Vous pouvez remarquer que la concaténation entre une chaîne de caractères et une variable booléenne, effectuée grâce à l'opérateur "+" est possible. En fait, cela revient à concaténer deux chaînes de caractères car la valeur de la variable booléenne est convertie en une chaîne de caractères par l'opérateur de concaténation.

 

On a la possibilité de connaître la longueur d'un tableau référencé par la variable tableau en utilisant : tableau.length;

length est en quelque sorte un attribut du tableau, attribut que l'on peut d'ailleurs uniquement lire.

 

L'exemple suivant a pour objectif de montrer comment manipuler un tableau d'objets, ici un tableau d'Integer. A part pour cela, il n'est pas utile, pour additionner quelques entiers, d'utiliser la classe Integer.

 

class TableauD {

  public static void main(String[] argv) {

    Integer tableau[]= new Integer[4];

    int somme=0;

 

    for (int i =0;i<tableau.length;i++)

             tableau[i]=new Integer(i);

                 

    for (int i =0;i<tableau.length;i++)

             somme+=tableau[i].intValue();

                                         

    System.out.println("Somme des entiers : " +somme);

  }

}

 

On obtient à l'exécution :

Somme des entiers : 6

 

Integer : la classe java.lang.Integer, à consulter comme beaucoup d'autre classes du JDK directement dans la documentation de java, contient beaucoup de méthodes statiques ou non, pour gérer le type int ; à titre d'exemple, la méthode public static int parseInt(String s) convertit la chaîne s en un int.
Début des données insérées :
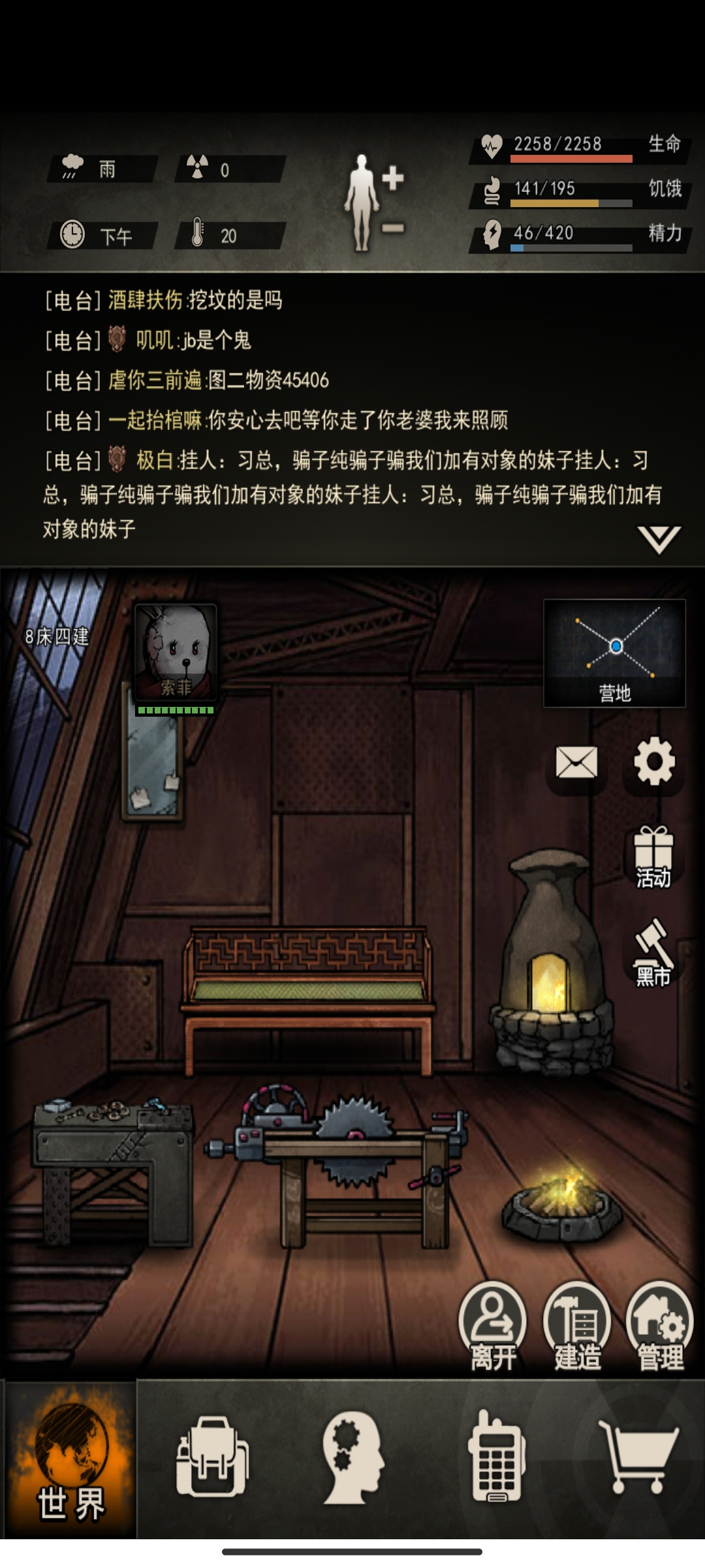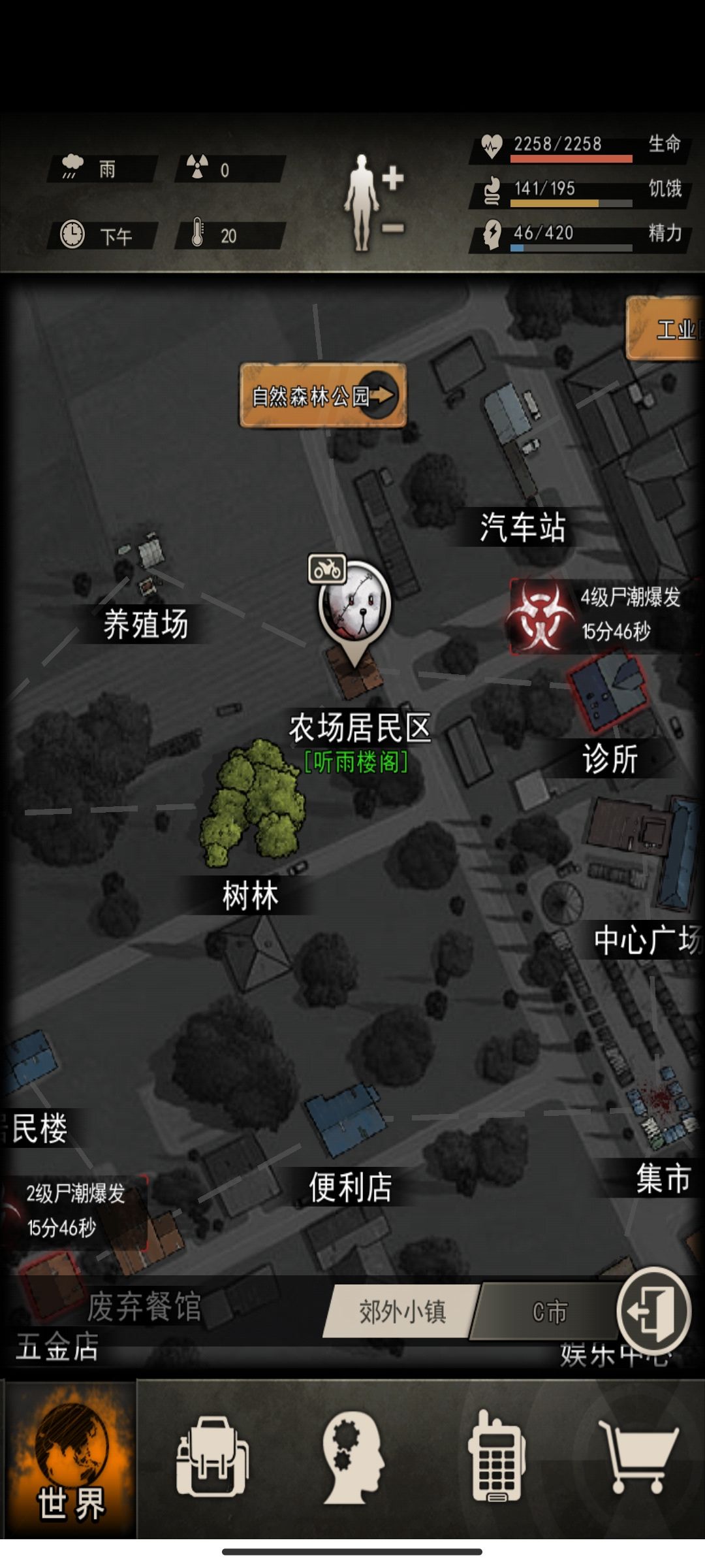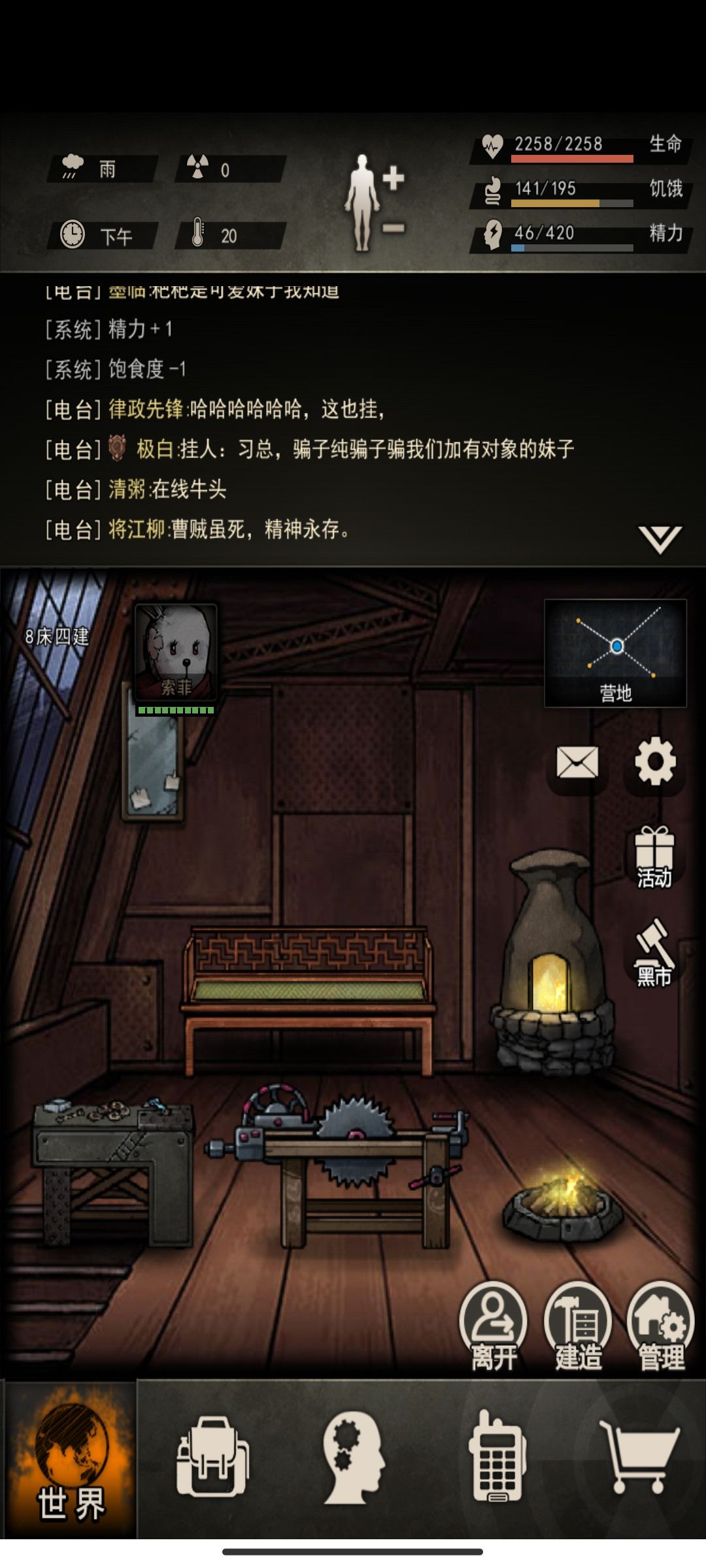 小退功能:节省精力快速回家比如组织修刀,尸潮物资回家放东西,摩托车则可以无精力快速躲怪
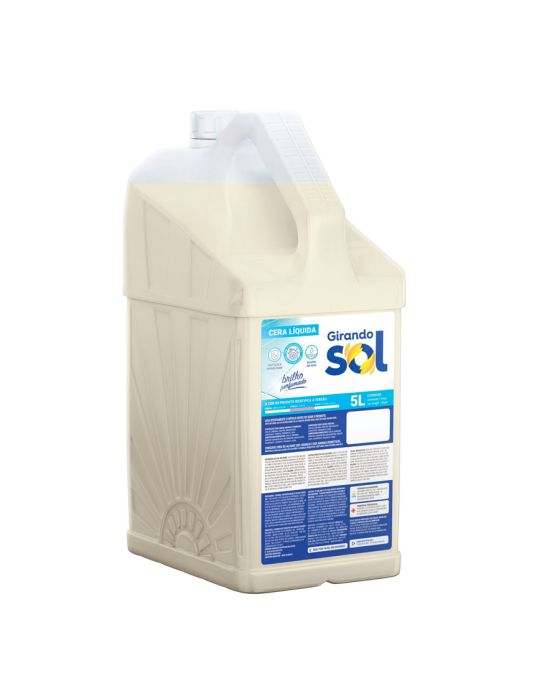 Características:Todo mundo gosta da sensação ver o piso brilhando. Sabe por quê? Porque a beleza também traz conforto e felicidade.A Cera Líquida Girando Sol Incolor é ideal para madeira e pisos frios. Além de dar o brilho na medida certa, ela reaviva as cores e protege contra riscos.Detalhes:- Marca: Girando Sol.- Modelo:- Linha: Cera Líquida.- Cor: Incolor.- Volume: 5 litros.- Contém: 1 embalagem do produto com 5 litros.- Proteção e durabilidade.- Diluível em água.- Conserva pisos vitrificados com verniz, poliuretano e similares.Onde usar: - Ideal para madeira e pisos frios, como: cerâmica, lajotas, linóleo, paviflex, vulcapiso, ladrilhos, pastilhas, borracha, granito, mármore, pedra ardósia ou qualquer outro piso impermeável.Modo de usar: - Uso Puro : Lave o piso com uma mistura de água com um limpador amoniacal ou detergente. Sobre o piso limpo e seco, aplique uniformemente a Cera Líquida GIRANDO SOL com um pano e deixe secar. Se desejar um brilho mais intenso, lustre com enceradeira ou com uma flanela limpa.- Uso Diluído (Limpeza do piso ou assoalho): Dilua em um balde 2 colheres de sopa (30ml) de Cera Líquida GIRANDO SOL, para cada litro de água. Se desejar mais brilho, aumente a quantidade do produto. Molhe um pano limpo na solução, aplique sobre o piso e deixe secar. Composição Química:- Composição: Parafina, Cera de Carnaúba, Monoestearato de Sorbitano, Ácido Esteárico, Monoetanolamina, Monoestearato de Glicerina, Álcool Ceto Estearílico, Resina, Amoníaco, Preservante, Corante, Fragrância e Água.Precauções:- Lave a colher medida antes de reutilizá-la para outros fins.- Cuidado: irritante para os olhos e mucosas- Evitar contato prolongado com a pele, lavar as mãos após o uso- Manter fora do alcance de crianças e animais domésticos- Mantenha o produto em sua embalagem original- Em caso de contato com os olhos, lave-os com água- Se inalado em excesso, leve a pessoa a um local bem ventilado- Em caso de ingestão, não provoque vômito e consulte imediatamente o Centro de Intoxicações ou o seu médico, levando o rótulo do produto.* As especificações podem ser alteradas sem aviso prévio ** Imagem meramente ilustrativa

Le constructeur public Integer(int value) crée une instance de la classe Integer ayant pour attribut (privé) un int de valeur value.

 

tableau[i]=new Integer(i) : il faut noter que instancier un tableau de trois Integer ne dispense pas de construire une instance d'Integer pour chaque composante du tableau.

 

tableau[i].intValue(): la méthode utilisée ici est une méthode d'instance de Integer ; elle retourne l'attribut de type int contenu dans l'instance d'Integer invoquée, ici tableau[i].

 

 

VIII-        Héritage

 

L'utilisation de l'héritage fait partie intégrante des langages à objets.
Les quelques exemples suivants devraient vous permettre d'acquérir les notions principales liées à l'héritage en Java.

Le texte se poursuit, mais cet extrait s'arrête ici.